Frohmann (1997) sugere que o critério utilizado pelos procuradores para determinarem que casos irão seguir para julgamento prende-se com a obtenção de um veredicto condenatório. Isto faz com que, quando confrontados com a necessidade de optar por avançar com o caso (ou não o fazer), os mesmos procurem prever de que forma o historial,

45

comportamento e motivações do suspeito e da vítima, bem como o próprio incidente, serão interpretados e avaliados pelos restantes decisores e, particularmente, pelos jurados. Desta maneira, a antecipação por parte do magistrado de que não conseguirá obter uma condenação através do júri por exemplo, legitima a rejeição do caso. A incerteza subjacente a estas predições conduz os procuradores a desenvolverem também eles perceptual shorthand que incorpora estereótipos acerca do que podem ser considerados crimes reais e vítimas credíveis. Estes estereótipos podem derivar tanto da opinião do próprio magistrado, como serem a manifestação da opinião do júri.

Como tal, os procuradores ponderam, não só, elementos legais respeitantes à gravidade do caso e à culpabilidade do ofensor, mas também são alvo de escrutínio fatores como o caráter da vítima, a sua relação com o suspeito e a disponibilidade da mesma em cooperar no decorrer do processo.
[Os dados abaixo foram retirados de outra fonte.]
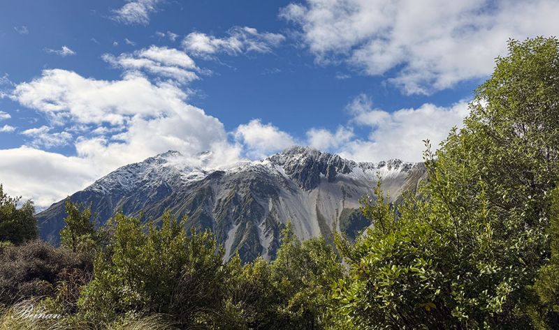 阴沉沉的天空乌云密布,却有一缕阳光穿透云层,正好洒落在库克山积雪皑皑的山顶,让我们一睹它的尊容。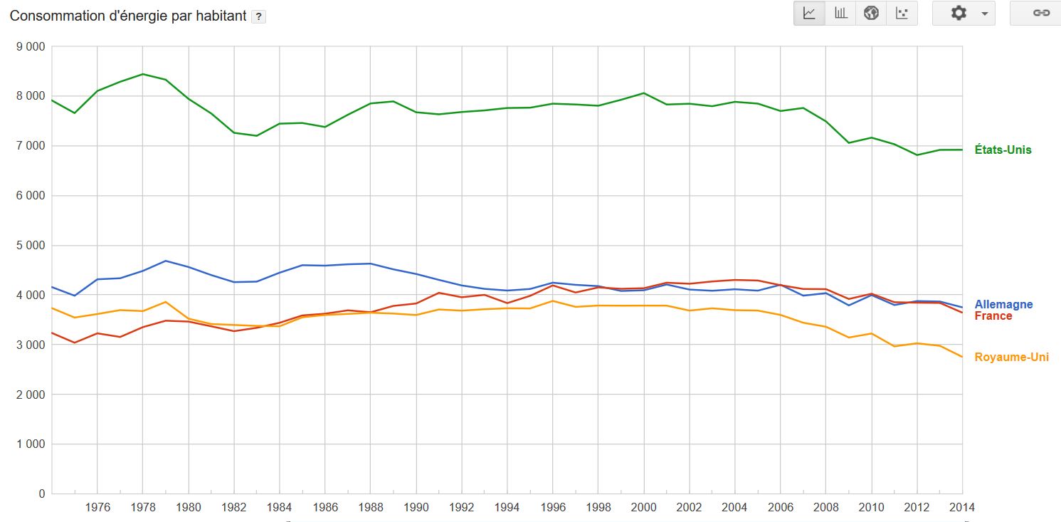 2 – En 10 ans, la consommation d’énergie primaire par habitant a baissé de 15% en France. De 25% en Angleterre, ou elle est revenue au niveau des années 70. Les technologies sont là, la conscience aussi.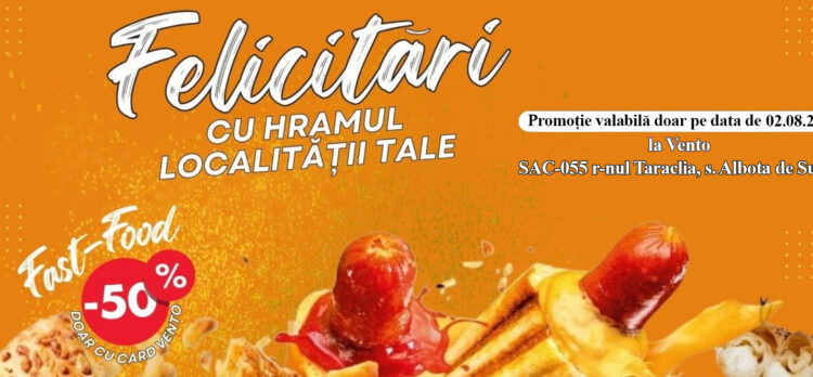 Vento te Felicită cu Hramul localității tale! Suntem bucuroși să celebrăm împreună această zi, oferindu-vă -50% reducere la plăcinte, hot-dog și croissante! Vă așteptăm cu drag, să sărbătorim cu POFTĂ! Ofertă valabilă doar pe 02.08.2024 la Vento: SAC-055, r-nul Taraclia, s. Albota de Sus. * Valabil doar cu Card Vento. #Vento_mereu_aproape_mereu_cu_plăcere
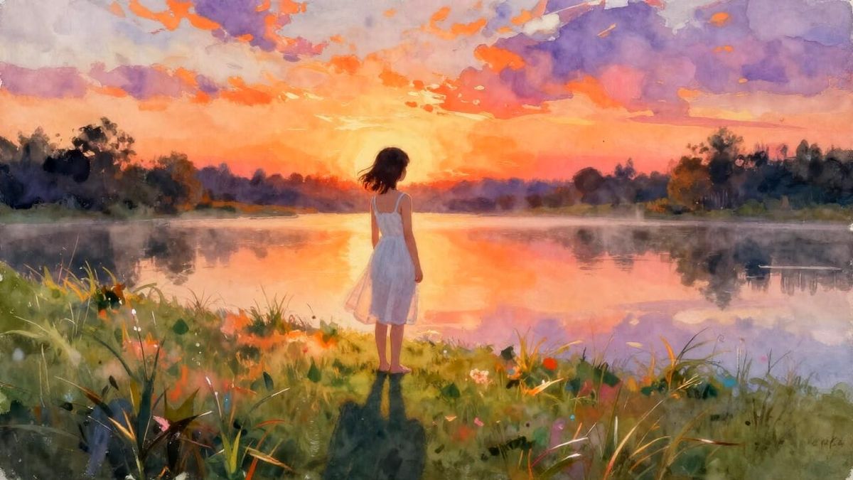 This image shows a vibrant landscape with a girl looking at a calm body of water during a colorful sunset, evoking a sense of peace and tranquility.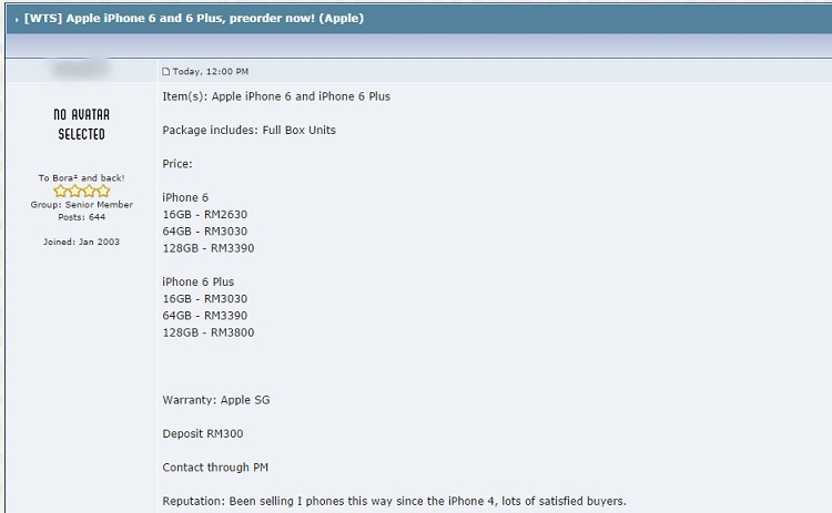But as you trawl through the many threads, you will find that the “standard” prices for the iPhone 6 and 6 Plus are less extreme than the example above. Most, however, are priced about RM500 dearer than the retail prices in Singapore, where the margins can be even higher for the Gold colourway due to its high demand. If you really must get that 128GB Gold iPhone 6 Plus, be ready to shell out about RM4000.

São, assim, contrabalançadas as provas que poderão fortalecer a acusação, em detrimento de fatores extralegais que possam diminuir as hipóteses de obtenção de um veredicto condenatório (Frohmann, 1997).

O estudo de Spohn, Beichner, & Davis-Frenzel (2001) propõe-se a replicar e expandir o trabalho desenvolvido por Frohmann (1997), analisando de igual modo as justificações apresentadas pelos procuradores para a rejeição de casos.

É também sugerido pelos autores que a decisão de acusar por parte dos magistrados é orientada por um conjunto de preocupações focais, à semelhança do estabelecido por D. Steffensmeier et al. (1998) para os juízes.

Embora os dois grupos de profissionais tenham em consideração o grau de culpabilidade do ofensor, a severidade da ofensa e os danos resultantes para a vítima, as suas preocupações diferem no que toca às consequências práticas das decisões judiciais. Aos juízes importa sobretudo ponderar os custos sociais da punição, enquanto que aos magistrados o que interessa é a obtenção de um veredicto condenatório. Deste modo, há uma maior probabilidade de um procurador optar pela acusação nos casos em que o crime é grave, quando a evidência probatória existente é robusta e quando há vestígios de lesões na vítima.

Particularmente nos processos de violação, os autores apontam a credibilidade da vítima como sendo uma das principais preocupações por parte dos magistrados. Inclusivamente, é dito por um procurador que processa casos de violação há mais de oito anos que “As long as I

have sufficient belief in the victim’s credibility, I can overcome almost everything else. The bottom line is whether the jury will believe the victim. Rape cases rarely involve witnesses

46

and don’t always involve physical evidence, so it all comes down to the victim and her credibility.” (Spohn, Beichner, & Davis-Frenzel, 2001).

Dado que a credibilidade da vítima se revela um elemento central nos crimes de violação, como mais adiante iremos ter possibilidade de comprovar, a perceptual shorthand desenvolvida pelos magistrados a fim de reduzir a incerteza e assegurar a condenação jaz essencialmente em estereótipos relativamente às vítimas de violação, à violação em si e a comportamentos relevantes nesse contexto (Spohn et al., 2001).